You don't need me to break down the abyss of complexity that is Macklemore's place in hip-hop and popular culture, you clearly have an internet connection, it's been done. But if there's anything resembling a consensus about "White Privilege II," it's been that while Black people won't hear anything they don't already know, if it prompts conversation among White people that could only be a good thing. Unfortunately, I don't think that's a particularly well-founded hope. Having spent literally every second of my life as a White person in America I've learned a few things about White people in America, and as a general rule White people in America do not sit down with a group of their friends and kick off a conversation with, "So, did you guys hear that new Macklemore song? I don't know about you, but it really made me question some things." Most White people are simply going to ignore the song because it's easy to ignore and it's going to take much more than even the most powerful of Mackles to push them from their comfort zone into some of the most treacherous territory imaginable. 

And if you hoped that at least White music writers would wade into waters the average person wouldn't, that largely hasn't happened either, not yet. As I've looked through many of music's more prominent sites, I've seen that a simultaneously shocking and not-at-all-surprising percentage of the in-depth commentary on "White Privilege II" has come from Black writers. 

Complex's piece was written by Justin Charity, Noisey's was penned by Craig Jenkins, Fader's came from Hanif-Willis Abdurraqib and HipHopDX's from Andre Grant. XXL and The Source have so far declined to write any real commentary on the song, electing instead to report on the reactions of others, and Rolling Stone's post similarly avoids any real commentary. Pitchfork's reaction was done by kris ex, Stereogum's by Collin RobinsonVulture's by Dee Lockett and my Twitter timeline has recommended additional articles by Michell C Clark and David D but few others. So while the internet is a far vaster place than I can encompass here and I'm sure some have tackled the song on a level beyond mere reporting, for the most part, there's been a near silence from White writers in the wake of Macklemore's latest. 

I have to assume the reason so many White writers are seemingly avoiding "White Privilege II" is that same reason I avoided writing this because to write meaningfully about this song is to place yourself inside the same treacherous labyrinth Macklemore's trying to escape. Get it wrong and you'll be reviled. Get it right and....there really is no "right." Even with the best of intentions and most aware of awarenesses, you'll still be hit with charges of self-congratulation and appropriation that you'll be unable to defend yourself from. No, the smart move is clearly to fire off some tweets and sit this one out.

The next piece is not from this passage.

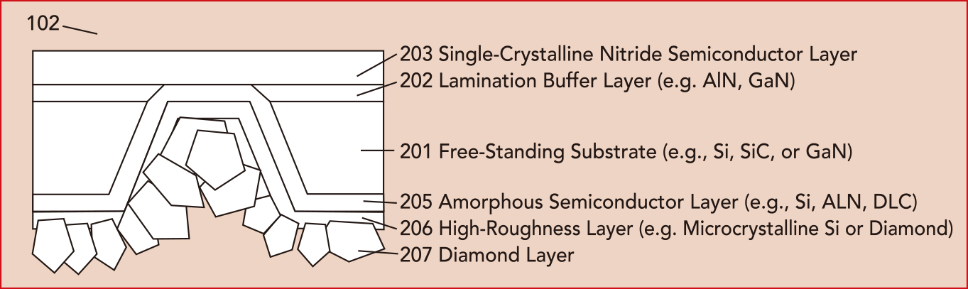 图1:与采用金刚石材料的氮化镓电子器件有关的发明(专利家族)数量。资料来源:KnowMade。 Group4成立于2003年,是一家美国初创公司,2008年与Element Six合作。Group4随后于2013年被Element Six收购。2016年,新成立的Akash Systems与RFHIC达成协议,共同协商回购Element Six的金刚石基氮化镓知识产权。Akash获得了与金刚石基氮化镓技术相关的所有专利和其他知识产权,用于卫星通信和相关市场。 2021年,专利申请数量急剧增加,这主要是由于中国企业的加速发展,如中国电子科技集团公司(CETC)有29项发明,西安电子科技大学有44项发明。自2021年以来,在30多家新的知识产权主体(尤其是武汉大学、深圳大学和太原理工大学等中国研究机构,以及上海功成半导体公司、化合积电(厦门)半导体科技有限公司等中国企业)的加入支持下,专利申请活动相对稳定。 除中国外,日本的Air Water公司与大阪市立大学合作,最近也进入了这一领域。这项合作共同申请了专利WO2023/048160,并于2023年初公布。专利公布后,2023年底又发表了一篇科学论文。3 在这篇论文中,研究人员介绍了一种基于在硅衬底上形成的3C-SiC层上异质外延GaN的方法。然后,移除硅衬底,根据第一项专利权利要求,将氮化镓-3C-SiC叠层键合到导热支撑层上,导热支撑层可以由金刚石或多晶SiC制成。迄今为止,约有30个专利家族公开了基于键合技术将金刚石材料与氮化镓电子器件集成在一起的方法。 然而,氮化镓材料与金刚石衬底的键合在技术上具有挑战性,因此人们开发出了替代方法。例如,成立于2016年、总部位于迪拜的初创公司Wonder CVD于2023年进入氮化镓电子器件专利领域,提交了US20230307249号专利申请。该专利描述了在SOI衬底的硅(111)薄层上生长多晶金刚石,去除基底层和氧化层,然后在硅(111)薄层的另一个表面进行GaN的异质外延。 另一个有趣的例子是欧洲的imec和UHasselt之间的合作,在专利EP4125113中有所描述,尽管该专利申请似乎已于2023年8月放弃。该发明涉及在氮化镓材料和多晶金刚石材料之间形成稳定连接的纳米晶金刚石层。此外,纳米晶金刚石层有望进一步促进氮化镓电子器件的散热。 虽然前面的例子描述了金刚石材料与氮化镓器件层接触或相对接近的集成,但美国初创公司Diamond Foundry在2023年以一种不同的方式进入了氮化镓电子器件专利领域。在专利申请US20230411459中,Diamond Foundry披露了一种金刚石衬底,可用作GaN或SiC器件的封装衬底,以替代电动汽车应用中使用的硅基IGBT芯片。Diamond Foundry是该领域为数不多的以电力应用为目标的公司之一。总体而言,在所有与金刚石集成相关的发明中,明确以电力电子为目标的发明不到10%。图2显示了US20230411459中的一张图纸,说明了Diamond Foundry对其金刚石衬底的想法。

And if you are White and find yourself writing about this song, the move is obviously too, as we say in the journalism profession, thinkpiece the shit out of it. You're not Macklemore, so make it about Macklemore, make it about ideas, concepts, anything to put some distance between yourself and what you write. That way if anyone attacks your piece, they'll be attacking your piece, not you. Almost impressively, both Spencer Koprnhaber at The Atlantic and Forrest Whickman at Slate, two of the only White writers I've been able to find offering in-depth commentary, managed to write approximately 1,000 words each on every facet of a song titled "White Privilege" without once writing two simple words—"I'm white."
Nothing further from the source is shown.